Esto no es un problema de pacientes. Es un problema de sistemas.
Nahuel Gaitán
enero 4, 2026 AT 13:08La parte del CYP2C9 y la warfarina me voló la cabeza. Mi tío murió por un sangrado cerebral. No lo sabíamos hasta que encontramos su informe genético en un cajón. El médico no lo pidió. La familia no sabía que existía. ¿Cuántos más han muerto por esto y nunca lo supieron?
Yo ahora pido pruebas genéticas antes de cualquier anticoagulante. No es paranoia, es inteligencia.
Y sí, el litio también es un monstruo. Rango terapéutico de 0.6 a 1.2. Por encima de 1.5, coma. Por debajo, depresión. Y los riñones lo retienen como una esponja. No es medicina. Es equilibrio sobre un alambre.
Gracias por este post. Me hizo ver que no soy un caso raro. Soy parte de un sistema roto. Y ahora sé cómo defenderme.
George Valentin
enero 4, 2026 AT 21:25Este artículo es una tontería con datos. La farmacocinética no es un misterio, es una ciencia exacta. Si no entiendes por qué tu medicamento te hace daño, es porque no estudiaste. No es culpa del sistema. Es culpa tuya por no leer el prospecto. No todo el mundo puede ser experto, pero todos pueden leer. ¿No sabías que el jugo de pomelo inhibe CYP3A4? ¿Cómo no lo aprendiste en la escuela? ¿O es que te da pereza?
Y lo de la IA? ¡Qué ridiculez! ¿Crees que una máquina entiende tu dolor? No. Solo calcula. La medicina es arte. La ciencia es herramienta. No confundas la estadística con la humanidad.
La solución no es más pruebas, más pruebas, más pruebas. La solución es que los médicos vuelvan a ser médicos. No técnicos de laboratorio.
Esto es peligroso. Fomenta la paranoia. Y la gente va a dejar de tomar medicamentos por miedo. Eso mata más que cualquier interacción.
Si no te gusta tu medicamento, cámbialo. Pero no le eches la culpa a la ciencia.
Andrea Fonseca Zermeno
enero 6, 2026 AT 20:58Gracias por esto. Realmente. Yo tenía miedo de preguntar por mi dosis de antidepresivo porque pensaba que sonaba tonta. Pero ahora sé que no lo es. Mi médico me dijo que ‘así se pone’. Pero no me explicó por qué. Hoy me voy a pedir un TDM. No voy a sufrir más por miedo a parecer difícil.

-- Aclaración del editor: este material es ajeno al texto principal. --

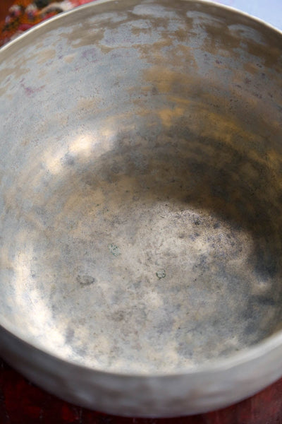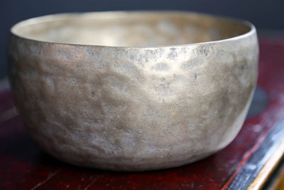 Each time we're able to get a small collection of these bowls is exciting as they are exceptional. Antique Tibetan singing bowls like this one are highly sought after for their remarkable quality sound, rich tones, and unique physical characteristics. Every handmade mark tells a story of the bowls history!

Espero que más gente lo lea. Porque no deberíamos tener que buscar esto en Reddit para proteger nuestra salud.
Gonzalo Andrews
enero 7, 2026 AT 18:07El comentario de George Valentin me hace pensar: ¿cuántas personas han muerto por no querer escuchar a los pacientes? ¿Cuántas veces se les dijo ‘es psicológico’ cuando era farmacocinética? ¿Cuántas veces se les dijo ‘no te preocupes’ cuando la dosis era incorrecta?
La ciencia no es neutral. Está cargada de poder. Y el poder siempre elige quién escucha y quién calla.
Este artículo no es solo sobre medicamentos. Es sobre quién tiene derecho a ser escuchado en la medicina.
Y si tú, como paciente, no te sientes escuchado, no es porque estés equivocado. Es porque el sistema está roto.
La farmacocinética es el mapa. Pero la humanidad es el viaje. Y ese viaje no puede ser solo técnico. Debe ser humano.